Saturday, January 19, 2013
Fathers Day Fishing Story
CLYDE SCHUMANN
It was Fathers Day. My family had bought me a beautiful set of waders to use with my new
hobby of fishing. To celebrate the day and to give me a chance to try out my new present we
climbed in the car and drove to the Deschutes River in Yelm where we were considering buying a
river lot. The setting was inviting. We were in a wooded area on the banks of the river. We could
hear the birds singing and the continuous running water of the stream.
I climbed into my new wa ders and grabbed my spinning rod. The water was running high so I
was nervous about slipping on the rocky bottom. I looked at my family standing on the bank
watching me. I was on the spot. I couldn't back down now. Ahead of me was the swirling water.
Once in I felt the current pulling at my legs. The footing was treacherous. I started wondering
when I was going to have fun fishing. So far the work of keeping my feet and hoping I didn't
drown was taking all my attention.
Somewhere I had read that fish liked to hide behind rocks.

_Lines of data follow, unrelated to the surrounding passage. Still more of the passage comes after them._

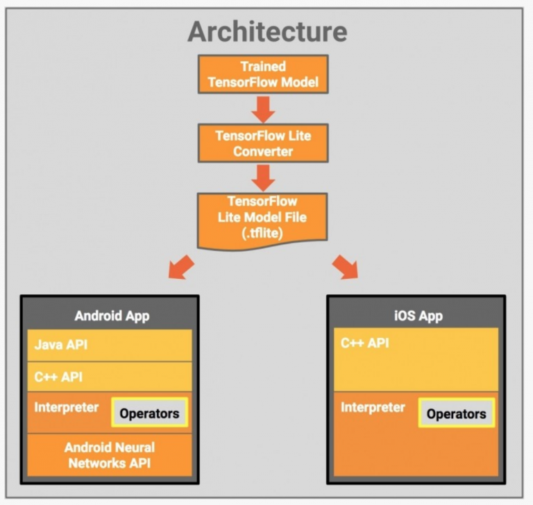- C++ API: 加载 TensorFlow Lite Model File,调用解释器(Interpreter)。 上面的这两个库在 Android 和 iOS 端都可用。
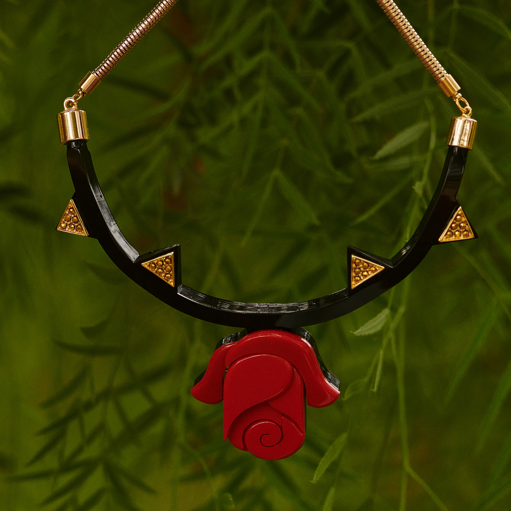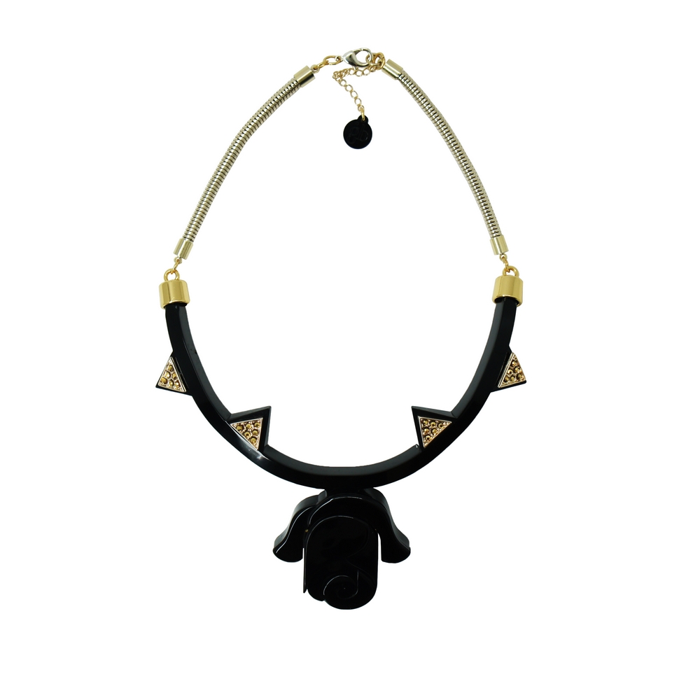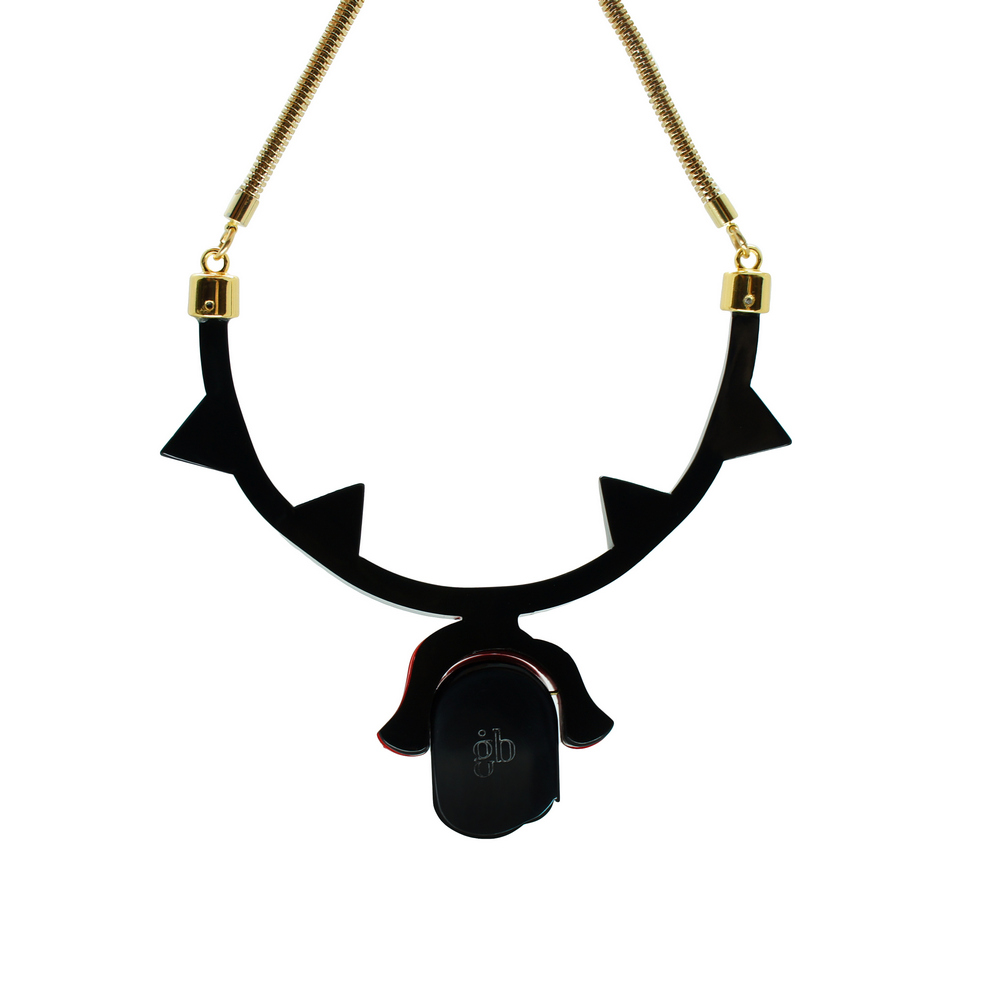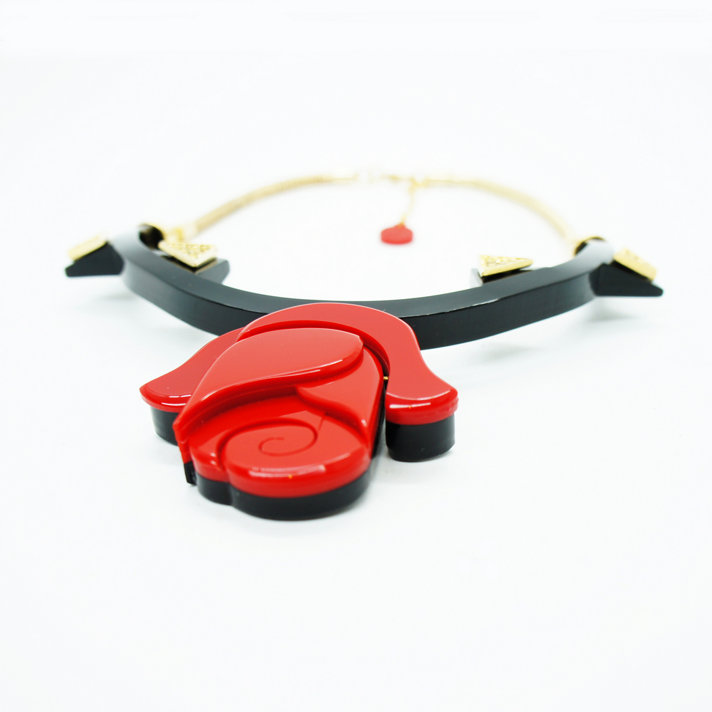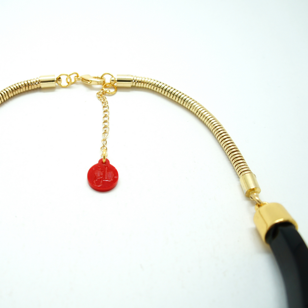 Colar de acrílico, modelo chocker, com aplicação de enfeites de metal e corrente de metal, fechamento por fecho lagosta. Metais com acabamento dourado. Feito à mão por artesãos brasileiros.
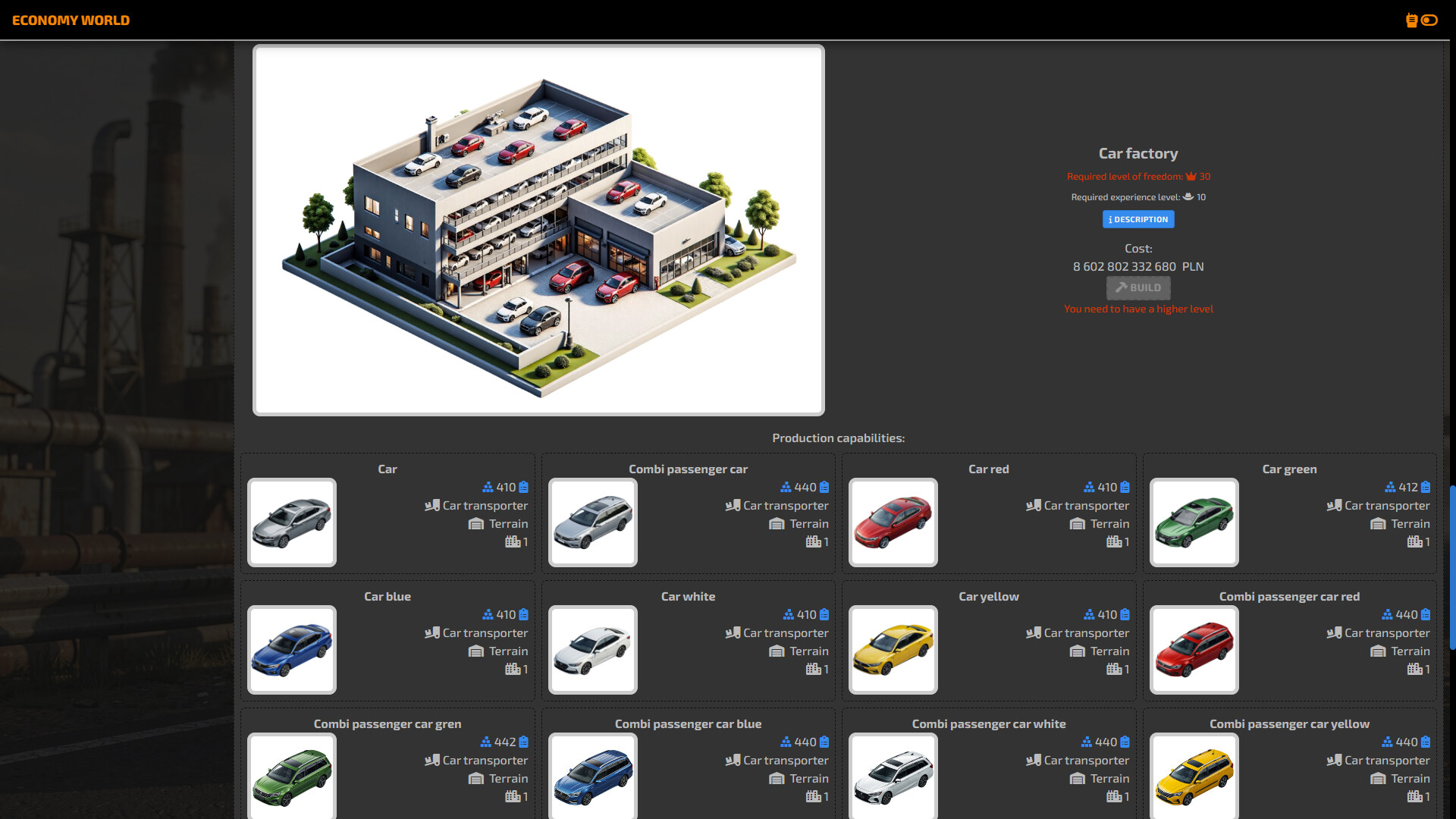 Economy world is a real-time strategy where, together with other players, you try to gain the widest possible market share for your products. You start with simple grain production or mining resources in a mine and try to reach the top, which are bakeries, car or computer factories. It is up to you what direction your company will go. The game has a natural supply and demand game, so other players have an impact on the profits we earn. The raw materials we need can be on different continents, then we will be forced to build ports and buy ships that we will transport to our factories.
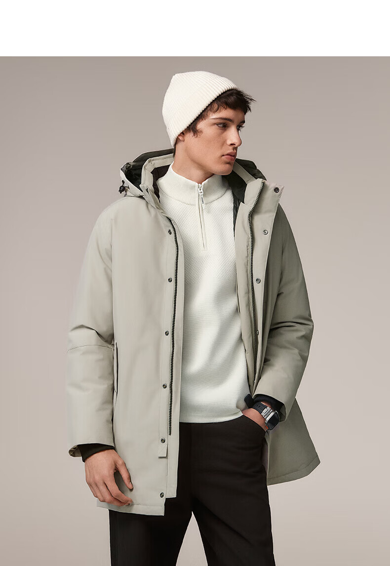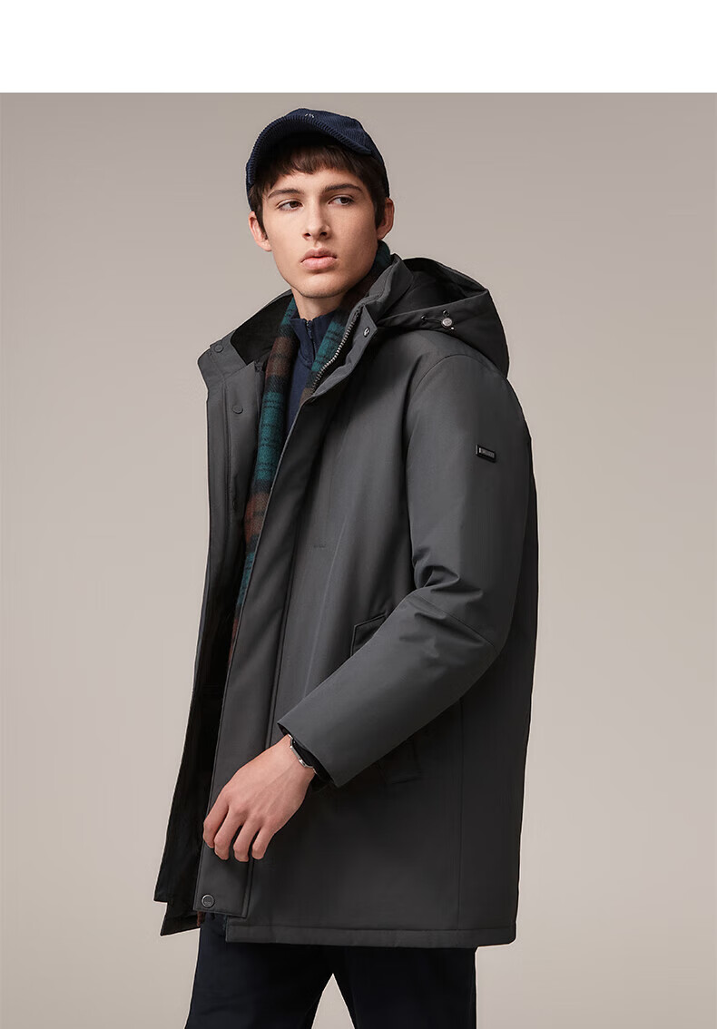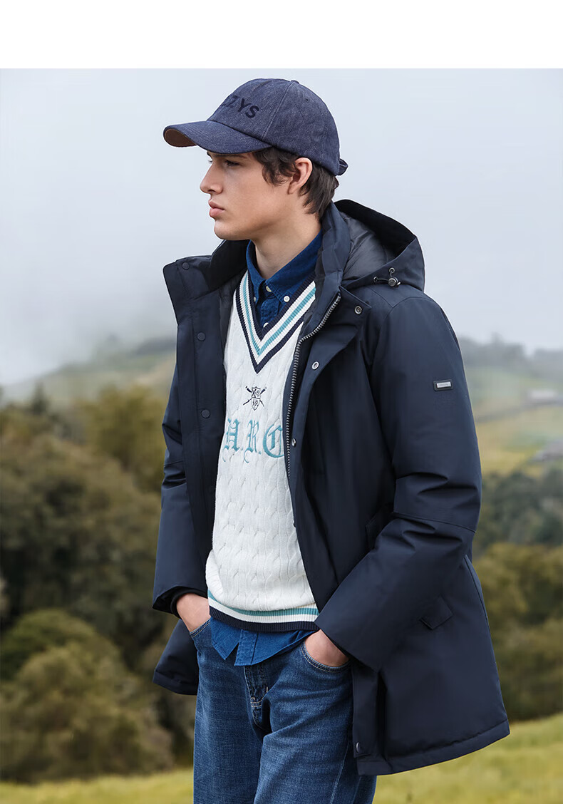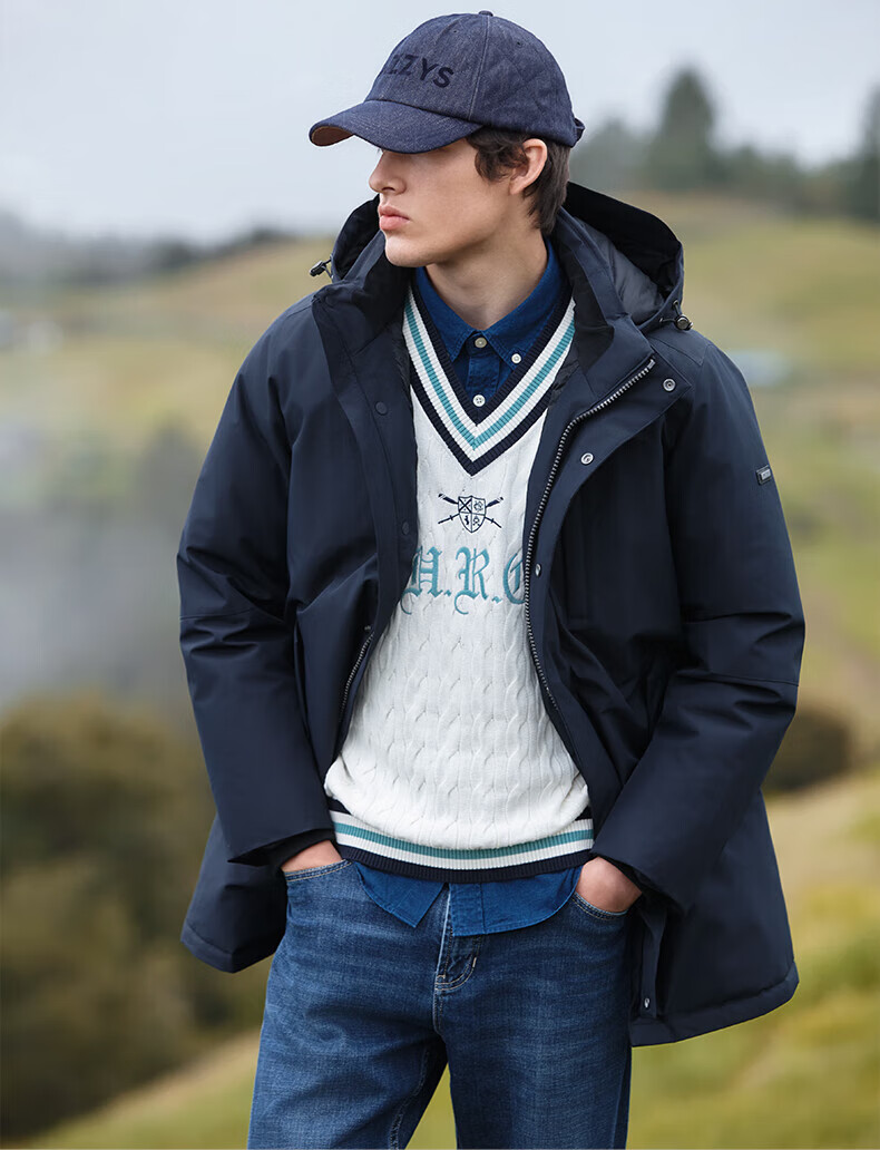 HAZZYS Men's 2025 Winter Jacket Three-Proof/Goose Down Mid-Length Down Jacket Men's ASFZU0CDX03

In the middle of the river was a
protruding boulder with the swirling water bubbling around it. A fish had to be lurking in the
slack water below the rock. I cast my lure on the boulder and pulled it into the slack water. I felt
the pull of the line. The rod tip dipped. A fish!! All excited I reeled in line. My feet were
slipping. With a super effort, I kept from taking a bath. For the next five minutes I fought to
keep from losing the fish and at the same time keeping my balance. My family on the bank, as
excited as myself, shouted instructions and encouragement.
Finally the fish tired. I carefully took the hook out of his mouth and held him up for all to see.
He was a beautiful fourteen inch rainbow trout. This fishing is great. But what's this? My wife,
Ronnie, says "That fish is cute, Please let him go."
I say "Your crazy! This is my first fish."
She says "But it's so cute. Look at its eyes."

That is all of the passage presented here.